- _WHAT NEEDS TO BE DONE_
All of the records must be given again exactly.
<<<<
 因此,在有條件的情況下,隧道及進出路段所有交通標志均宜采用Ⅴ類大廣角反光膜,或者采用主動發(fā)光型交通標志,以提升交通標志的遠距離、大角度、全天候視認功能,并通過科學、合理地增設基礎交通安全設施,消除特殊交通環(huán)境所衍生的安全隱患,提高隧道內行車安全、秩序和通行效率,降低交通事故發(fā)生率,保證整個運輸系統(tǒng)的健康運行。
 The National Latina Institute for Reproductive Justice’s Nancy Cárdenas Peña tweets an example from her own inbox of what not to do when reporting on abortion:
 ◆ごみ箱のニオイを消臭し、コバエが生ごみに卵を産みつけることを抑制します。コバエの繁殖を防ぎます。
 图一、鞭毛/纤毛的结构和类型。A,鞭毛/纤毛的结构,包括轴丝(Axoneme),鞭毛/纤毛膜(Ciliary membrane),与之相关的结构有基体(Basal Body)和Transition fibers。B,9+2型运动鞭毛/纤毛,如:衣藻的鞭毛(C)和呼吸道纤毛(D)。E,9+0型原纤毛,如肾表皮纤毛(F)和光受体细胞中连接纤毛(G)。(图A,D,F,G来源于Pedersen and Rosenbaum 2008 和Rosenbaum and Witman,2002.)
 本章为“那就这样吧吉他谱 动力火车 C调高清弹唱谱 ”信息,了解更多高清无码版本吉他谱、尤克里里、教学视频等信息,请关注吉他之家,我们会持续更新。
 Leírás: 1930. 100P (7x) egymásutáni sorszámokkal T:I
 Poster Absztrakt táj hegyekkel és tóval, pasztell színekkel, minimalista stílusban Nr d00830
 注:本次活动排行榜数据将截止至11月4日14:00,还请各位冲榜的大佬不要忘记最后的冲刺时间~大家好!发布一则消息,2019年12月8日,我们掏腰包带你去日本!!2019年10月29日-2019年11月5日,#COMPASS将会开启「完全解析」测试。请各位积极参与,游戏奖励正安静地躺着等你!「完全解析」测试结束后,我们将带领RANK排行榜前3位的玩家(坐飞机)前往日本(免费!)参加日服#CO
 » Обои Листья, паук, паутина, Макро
>>>>
- _ANSWER TO THIS TASK_
 因此,在有條件的情況下,隧道及進出路段所有交通標志均宜采用Ⅴ類大廣角反光膜,或者采用主動發(fā)光型交通標志,以提升交通標志的遠距離、大角度、全天候視認功能,并通過科學、合理地增設基礎交通安全設施,消除特殊交通環(huán)境所衍生的安全隱患,提高隧道內行車安全、秩序和通行效率,降低交通事故發(fā)生率,保證整個運輸系統(tǒng)的健康運行。
 The National Latina Institute for Reproductive Justice’s Nancy Cárdenas Peña tweets an example from her own inbox of what not to do when reporting on abortion:
 ◆ごみ箱のニオイを消臭し、コバエが生ごみに卵を産みつけることを抑制します。コバエの繁殖を防ぎます。
 图一、鞭毛/纤毛的结构和类型。A,鞭毛/纤毛的结构,包括轴丝(Axoneme),鞭毛/纤毛膜(Ciliary membrane),与之相关的结构有基体(Basal Body)和Transition fibers。B,9+2型运动鞭毛/纤毛,如:衣藻的鞭毛(C)和呼吸道纤毛(D)。E,9+0型原纤毛,如肾表皮纤毛(F)和光受体细胞中连接纤毛(G)。(图A,D,F,G来源于Pedersen and Rosenbaum 2008 和Rosenbaum and Witman,2002.)
 本章为“那就这样吧吉他谱 动力火车 C调高清弹唱谱 ”信息,了解更多高清无码版本吉他谱、尤克里里、教学视频等信息,请关注吉他之家,我们会持续更新。
 Leírás: 1930. 100P (7x) egymásutáni sorszámokkal T:I
 Poster Absztrakt táj hegyekkel és tóval, pasztell színekkel, minimalista stílusban Nr d00830
 注:本次活动排行榜数据将截止至11月4日14:00,还请各位冲榜的大佬不要忘记最后的冲刺时间~大家好!发布一则消息,2019年12月8日,我们掏腰包带你去日本!!2019年10月29日-2019年11月5日,#COMPASS将会开启「完全解析」测试。请各位积极参与,游戏奖励正安静地躺着等你!「完全解析」测试结束后,我们将带领RANK排行榜前3位的玩家(坐飞机)前往日本(免费!)参加日服#CO
 » Обои Листья, паук, паутина, Макро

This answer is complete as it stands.